Director: How long have these people been waiting?
Colleague: Ten days… two weeks… something like that.
Director (going slightly nuts): That’s not acceptable. You have failed. You’re letting the organisation down.

Ah piss off. You do it, if you’re so worried about it. Anyway, after work C and I headed over to the National Theatre to see a photography exhibition about gypsies and travellers. We were trying to choose some pictures for the report we’re putting out, and saw a couple that we quite liked, with the whole settled community vs travelling world contrast going on. I have no idea how much they’ll cost, but seeing as we only need two at most, I don’t think it’ll be much. Plus, great publicity for the photographer, who was by far the most dressed up person there. There was free wine, so we drank a glass or four and chatted on the side for a bit about monkeys and social psychology. Some guy was there who works on the project as well. C said that he would be perfect boyfriend material (this is working on the advice of her mum, who said that men only reach the desired level of maturity aged 50- and that’s only the more advanced ones). My response was, “But C, he lives in a hostel!”

Which is true.

Anyway, we hung around outside the NT smoking cigarettes and commenting that it’s trés jolie, le béton en style de bois. Then we took the bus up to Camberwell. On the way we called her boyfriend, who was at home and therefore available to cook, and I decided to go round. Which was cool as I got to see her new flat, had some food and looked at the amazing views from the roof terrace. Unfortunately, her brother was also there and we had a conversation that went like this:

Me: Salut, ça va?
Him: Bien… toi?
Me: Pas mal…. errrrr… l’apartement est trés jolie.
Him: C’est C qui a faire.
Me: Tu manges pas avec nous?
Him: J’ai pas faim.
Me: Okay… je cherche C.
Him: Cool… ciao.

Hmm, a nice bit of social awkwardness. I wanted to ask him for my book about cannibalism back, but I don’t think that would have gone down tremendously well. Things between us are a little bit odd since I had that dinner party where I drank three bottles of wine, fell of a box (we didn’t have enough chairs, and I, as host, offered to sit on a box instead) and kissed C’s brother. And then never returned his calls or texts or anything ever again. In my defence, that was during the days when I got pretty shit faced fairly regularly and I was a bit of a bitch to everyone, mainly because I was an emotional ruin (following end of relationship, new life, blah blah blah). The dinner party was actually a bit mental. K was meant to be there but we’d gone to a Halloween party the night before and had gone home with some guy we all thought was gay. I ended up in Brixton drinking sherry, for god’s sake, and having the first of my encounters with the Irish guy. In the morning I staggered home, last nights makeup still on and attempted to make a risotto and got horrendously drunk. My god, I was a mess back then.

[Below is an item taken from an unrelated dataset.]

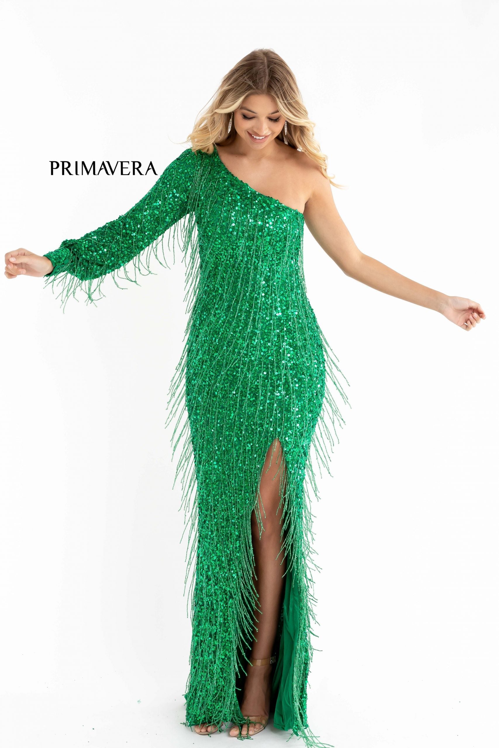 Primavera Couture 3739 This gorgeous prom, pageant and evening gown is dripping in fringe. The dress has one long sleeve on a one shoulder style. It ends with a slit and a sweeping train.

I got back to mine and sent some texts to various people and had a nice cup of tea, before realising that I was going to have to find something to do QUICKLY if I wasn’t going to fall into the trap of thinking too much and thus getting miserable. So I did what usually does the trick to make me happy: I got out my photo albums and went through, laughing my head off. The best ones are from when I was in sixth form. They brought back so many memories- like the Leaver’s ball, going to the pub for an English breakfast and a pint with Tom every free period, being really emo in the smoking hut, coming to London at the weekends and dancing like fools. I only wish I had taken a photo of when one of my friends painted his armpit hair with UV paint on the train. Just thinking about it makes me laugh. He was sitting next to this woman who gave us the most disgusted look ever and moved carriages. Not just seats- a different carriage. G always told me I was stupid for taking so many pictures, but he was pleased when he came round last and we went through them and laughed at everything, even though he looks like a woman in some of them.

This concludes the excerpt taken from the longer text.